Staggered studs, I think, uses too much wood and is too much work.
Dan
Senior editor
It looks like this has been done primarily for sound transmission issues.
Here's my theory, keeping in mind that I really want to do this for my own house, and may never expand to building for others using this method:
I think the cost of the 2X4s, being less than the cost of the 2X6s, will not be that great. If you measure the extra 2X4s, it really comes down to a small increase in wood, overall.
The wall will be heavier, but nothing my wall jacks cannot handle. Like anything new, it will be a pain. When the oil runs out, it will be a value, IMO. (I fully and truly believe the oil will run out, although not in my lifetime. Our kids will have to face that situation.)
I would like to see some more specific comments on disadvantages in the interest of doing this more efficiently.
As an individual, I want to do something meaningful to save energy in the home. This is one of the ways to save a lot because savings of this type can be extrapolated over decades, probably six to ten if the rest of the house is reasonably well-built. An extra bunk of 2X4s in a home, and a few extra hours of labor, will not begin to approach the savings in energy.
Look at what is happening in gas and diesel. Who would have thought it could double in just a couple of years? Cutting your home heating bills by, say, 60%, might not be such an unreasonable alternative.
Yes, seen it and done it - for sound though.
Like Dan said - PITA framing, wall weighs a ton, way too much wood involved.
Jim
I'm with Dan on this one. Using a layer of rigid foam on the outside will give you better insulation with less work.
Not only will the negative effect of having outer studs be removed, you will also insulate the top plate, sill and jacks. Allowing the rigid foam to go past the sill and plates can also be efficient.
And as always, as you insulate a house more, more time will have to be spent finding good solutions for transitions between walls-windows, wall-floor, wall-roof and so on, beacause a larger part of the energy typically will be lost there when the walls/roof-themselves get more efficient. This is also important to avoid getting uncontrolled condensation and other moisture problems in the long run.
I think it's great you are thinking this through and trying to find good solutions, more people should.
I built my house in 79. IIRC the gas criss was over, but there was a shortage of natural gas.I want to a home show where someone was selling a insulation system designed for a staggered wall construction.It was molded styrofoam with slots molded in it for the 2x4's.Never heard of it since..
.
A-holes.
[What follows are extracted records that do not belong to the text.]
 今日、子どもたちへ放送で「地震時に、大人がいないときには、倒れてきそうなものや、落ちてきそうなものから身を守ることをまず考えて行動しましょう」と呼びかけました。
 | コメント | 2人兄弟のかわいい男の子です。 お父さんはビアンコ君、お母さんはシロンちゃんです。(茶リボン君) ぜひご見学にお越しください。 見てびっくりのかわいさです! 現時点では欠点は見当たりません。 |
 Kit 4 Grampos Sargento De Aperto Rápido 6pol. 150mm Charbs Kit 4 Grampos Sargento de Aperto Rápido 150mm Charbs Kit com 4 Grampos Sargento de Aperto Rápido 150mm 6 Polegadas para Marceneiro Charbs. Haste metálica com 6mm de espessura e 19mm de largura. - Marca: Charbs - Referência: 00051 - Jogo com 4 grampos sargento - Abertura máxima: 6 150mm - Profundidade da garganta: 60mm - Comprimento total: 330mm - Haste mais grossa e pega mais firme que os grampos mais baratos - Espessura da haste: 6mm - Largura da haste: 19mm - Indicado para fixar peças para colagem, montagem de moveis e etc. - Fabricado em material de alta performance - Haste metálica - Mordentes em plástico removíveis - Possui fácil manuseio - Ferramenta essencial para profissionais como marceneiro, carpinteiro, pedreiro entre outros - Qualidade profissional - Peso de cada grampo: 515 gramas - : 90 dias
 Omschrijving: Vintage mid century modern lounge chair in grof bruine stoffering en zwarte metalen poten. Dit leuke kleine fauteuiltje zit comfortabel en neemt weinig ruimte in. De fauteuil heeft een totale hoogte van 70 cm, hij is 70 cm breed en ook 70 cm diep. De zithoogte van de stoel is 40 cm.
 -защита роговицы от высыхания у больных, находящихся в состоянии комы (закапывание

Hey every group has to have one. And I have been elected to be the one. I should make that my tagline.
Edited 1/6/2008 9:06 am by BillHartmann
Well, maybe I will have to do some more thinking on this. My current house has Al foil-covered foam panels between the studs and the 5/8" siding. It seems to work well, but I wanted to improve the insulation situation even more. My heater and AC run much more than I would consider ideal. We keep our thermostat at about 76 in the summer and 65 in the winter and still have to pay about an average of $100 per month total for gas and electric. Of course, this includes hot water and running appliances etc.
I've done a number of double-stud wall houses, either in-line or staggered, with single or separate plates. All of those systems were a PITA.
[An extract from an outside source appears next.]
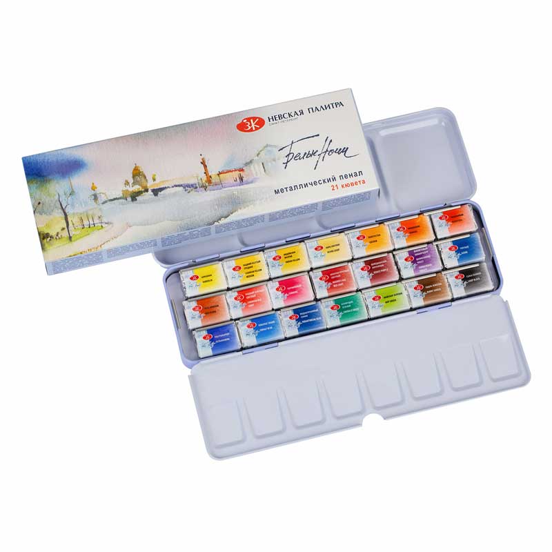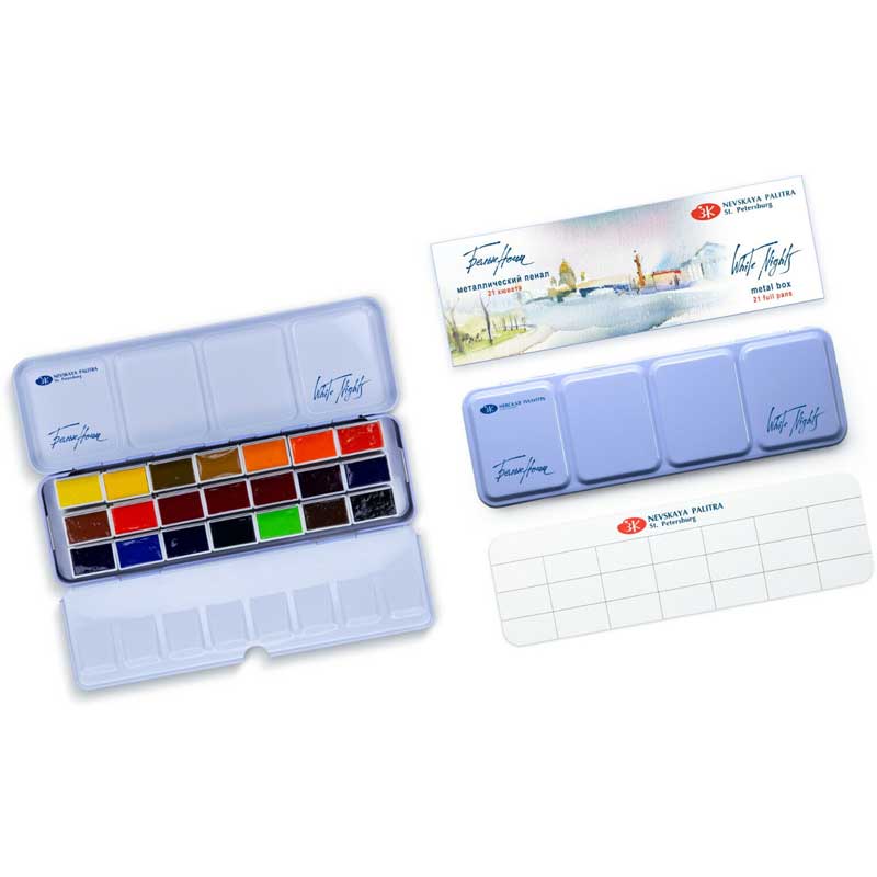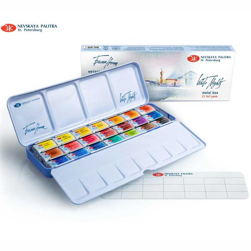 Akwarele Białe Noce (White Nights) to profesjonalne rosyjskie farby wodne produkowane przez firmę Nevskya Palitra, które składają się z drobno zmielonych, skoncentrowanych pigmentów, dzięki którym oferują świetliste, intensywne, transparentne kolory. Dzięki dodatkowi gumy arabskiej z żywicy akacjowej, farby akwarelowe Białe Noce nie pękają i są wysoce światłoodporne, dzięki czemu wykonane nimi prace nie blakną przez długie lata.

For the last 20 years, I've been using a Larsen Truss or modified Larsen Truss wall system, with 12" of blown cellulose and virtually no thermal bridging as the outer chord of the wall truss extends past floor/ceiling assemblies from sill to rafters.
I get an R-40+ wall and an R-60+ ceiling, use the air-tight drywall system instead of vapor barrier. And, because I use metal t-bracing and no exterior wall sheathing (3/4" drop siding), with rough-sawn full dimension lumber at 24" oc, I can build this system with less wood than a conventional 2x6 house.
Solar & Super-Insulated Healthy Homes
I Googled Larsen Truss. It was quite interesting. I will think about incorporating some of the principles in my design.